Wróciłam zapłakana do domu, ale nie spodziewałam się, że w środku zastanę zarówno Kamila, jak i Daniela. Chciałam zniknąć w swoim pokoju albo w łazience, zanim mnie zauważą, ale było już za późno, bo oboje się we mnie wpatrywali, dopiero po chwili podbiegając do mnie.

– Maja, co się stało? – spytali równocześnie, ale ja ich minęłam i usiadłam na kanapie. Chciałam coś powiedzieć, ale czułam, że za każdym razem, gdy otwierałam usta, coraz bardziej chciało mi się płakać.

– To ten chłopak? Coś ci zrobił? – spytał z troską Kamil, ale ja tylko pokręciłam głową, zaprzeczając.

– Adam powiedział... – Moje słowa przerywane były płaczem. – Powiedział, że jestem... – Nie dokończyłam, ale widziałam jakie spojrzenia wymienili między sobą moi towarzysze i miałam pewność, że zrozumieli, o co mi chodziło. Streściłam im później to, co powiedział o nauczycielu.

– Wiecie, że to nie jest prawda... Nie chcę, żeby tak o mnie mówił – moja wypowiedź brzmiała, jakby była wyrwana z ust małej dziewczynki, ale sama postać Adama przypominała mi o tym, co mi zrobił i co jeszcze chciał zrobić. I to mnie przygniatało za każdym razem, gdy tylko na niego spojrzałam.
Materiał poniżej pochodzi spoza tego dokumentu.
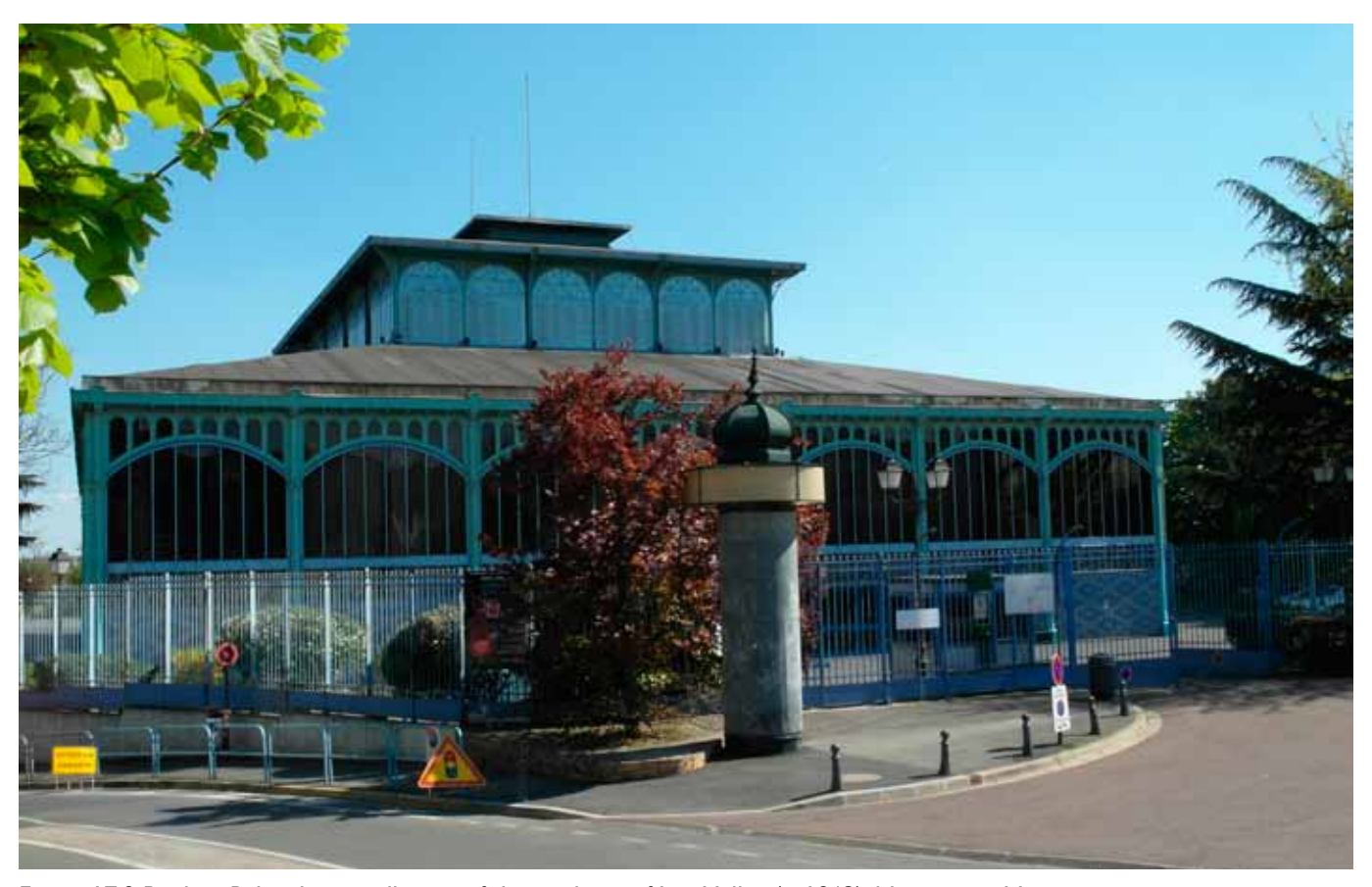
Figure 17.9 Pavilion Baltard, originally one of the pavilions of Les Halles (c. 1863), Nogent-sur-Marne.

I have taken you to places which now figure on your mental map of Paris. When arriving in Nogent-sur-Marne we resisted the lure of the dérive and headed straight for the Jardin d'agriculture tropicale. But Baltard must no longer wait. On the way back to the train station I detoured to pay a visit to the Baltard pavilion, the only one to survive the demolition of Les Halles in 1971; remnants of another now reside in Yokohama [figure 17.9]. The giant pavilion serves as an event space not dissimilar to the Parc de la Villette's central grande halle. However, the programme is pitifully sparse (http://pavillonbaltard. fr/). The pavilion is fenced off and uninviting. Nothing here speaks of its former function as a place of trade, exchange, encounter and consumption. It is hard to imagine the formidable fish wives' daily bickering and haggling so vividly recounted in Zolas' Belly of Paris (1873). Just outside the tall industrial gate nestles an odd assemblage of Haussmannian street furniture: lamp posts and iron benches, an advertising column and even a rubbish bin [figure 17.10]. These forlorn relics of nineteenth-century Paris are tied together in a nostalgic and inept gesture. The space in which the street furniture purposelessly congregates is called 'Square du Vieux Paris' [figure 17.11]. Nothing could be further from the truth. But that is not what I came here for.

– Kochanie, jasne, że wiemy. Coś z tym zrobię, obiecuję. Tylko już nie płacz. – Kamil głaskał mnie po ramieniu, a ja trwałam w objęciach Daniela, który teraz spiął wszystkie mięśnie.

– Nie daruję mu tego! Pożałuje, że w ogóle to wszystko zaczął – zagroził, przyciągając mnie do siebie jeszcze bardziej i składając drobny pocałunek na moim czole.